In order to increase the number of uniquely-mapping reads when mapping the libraries to the predicted protein-coding gene models, Cd-hit was used to cluster the 64,351 gene models at a similarity threshold of 0.97. The resulting 51,424 gene models were imported into CLC Genomics Workbench 8.5.1 and used as the reference for mapping the 423,573,416 trimmed reads using the RNA-Seq Analysis tool. A count matrix, recording the number of unique reads mapping to each of the 51,424 gene models per library, was constructed. Differential expression analyses were conducted with the DESeq. 2 package83 in R84. For each of the 21 libraries a “Group” designation was assigned, combining treatment and time point information (ex: samples taken after 1 hour of exposure to the ATHC treatment were designated “ATHC_1”), and the design formula of the DESeqDataSet was designated “~Group”. Results were extracted (alpha = 0.05) for the following comparisons: (1) ATHC_1 vs. ATAC_1, (2) ATHC_6 vs. ATAC_6, (3) HTAC_1 vs. ATAC_1, and (4) HTAC_6 vs. ATAC_6. Gene models were considered to be differentially expressed in a comparison if the model (i) had an FDR-adjusted p-value < 0.05 and (ii) had a Log2FoldChange estimate |x| ≥ 1.

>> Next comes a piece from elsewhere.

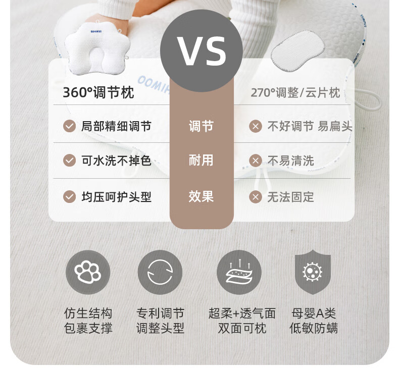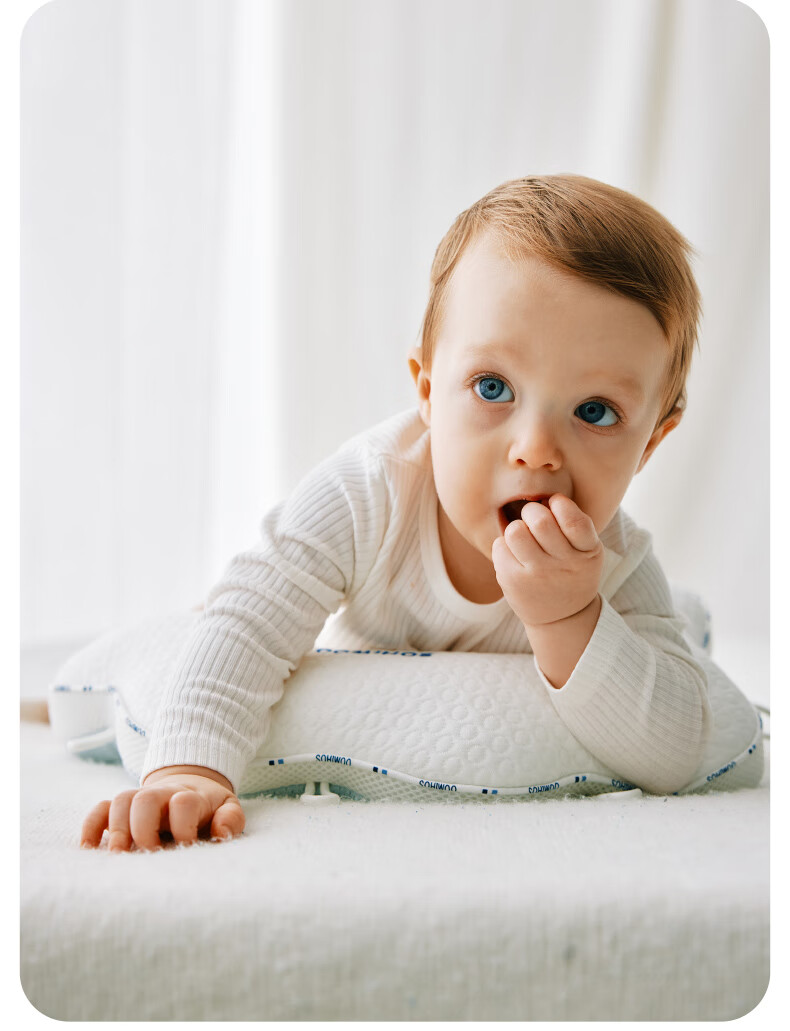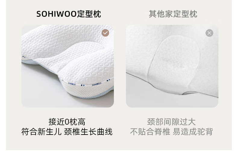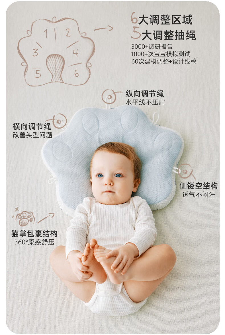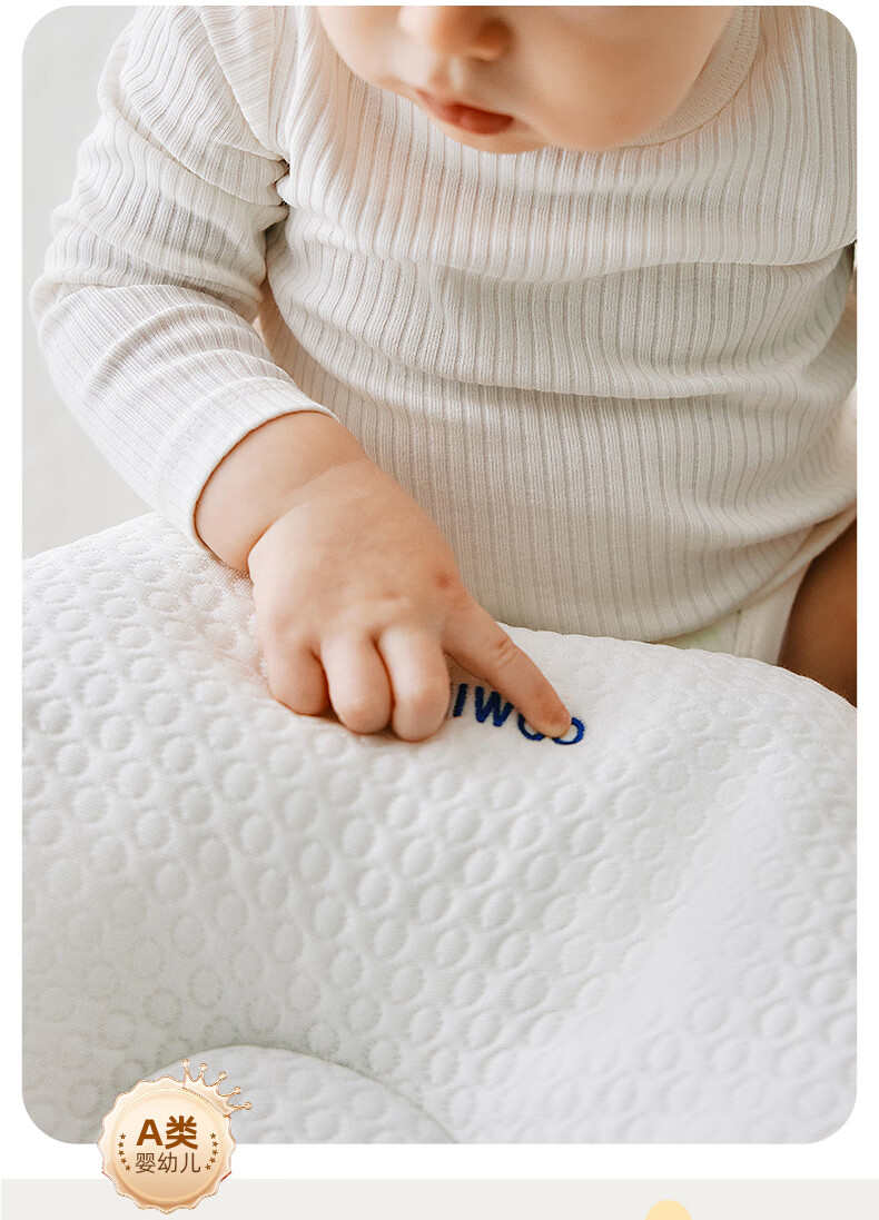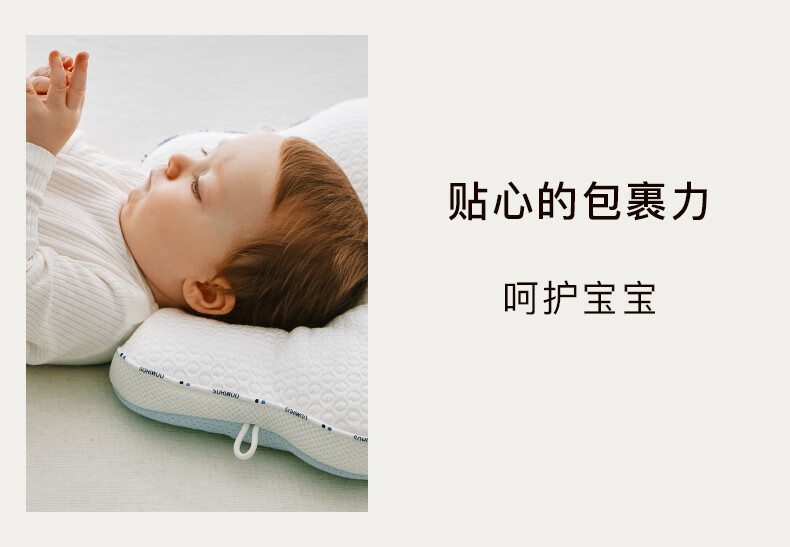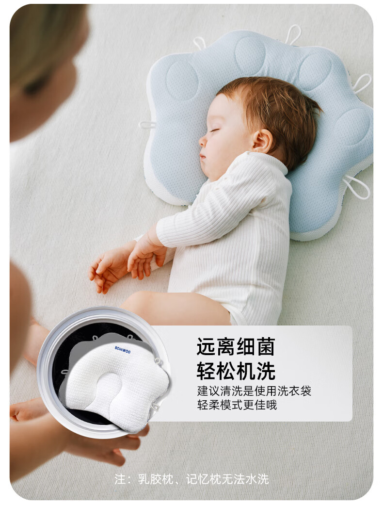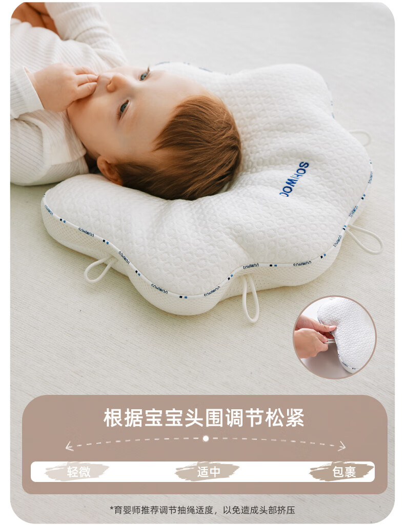 Sohiwoo Baby Shaping Pillow 0-6 Months Sleeping Round Head Pillow Corrects Newborn's Head Shape Breathable Prevents Flat Head Deviation Color Matching White Blue Upgraded Antibacterial and Anti-mite Style 40x29x9cm

Characterization of uncharacterized DEGs using TargetP and SignalP

Differentially expressed predicted gene models with no BLASTx best hits, or best hits to uncharacterized or hypothetical proteins, as well as those with no hits at all, were investigated using TargetP85 which assigns subcellular localization predictions by searching for targeting signals within amino acid sequences. Sequences were submitted to TargetP using the Non-Plant “Organism Group” criteria and the default “winner-takes-all” option for cutoffs. TargetP assigns a “reliability class” (RC) descriptor for its predictions ranging from 1 to 5, with 1 representing the strongest predictions. When analyzing the results of the TargetP predictions, only those sequences with predictions having RC ≤ 3 were considered. Sequences that had a TargetP prediction of “secretory pathway” or “other” were analyzed using SignalP86 for a more detailed prediction of secretory signals.

Gene Ontology Enrichment Analysis

Nucleotide sequences and associated BLASTx results were imported into Blast2GO. The Mapping tool in Blast2GO was used to map Gene Ontology (GO) terms to the gene models. GO terms were assigned to 10,441 of the 51,424 gene models. GO enrichment analyses for the gene models exhibiting differential expression between treatments at each time point were performed using Fisher’s Exact Test as implemented by Blast2GO using an FDR threshold of 0.05. The full set of 51,424 was used as the background set for set for these analyses.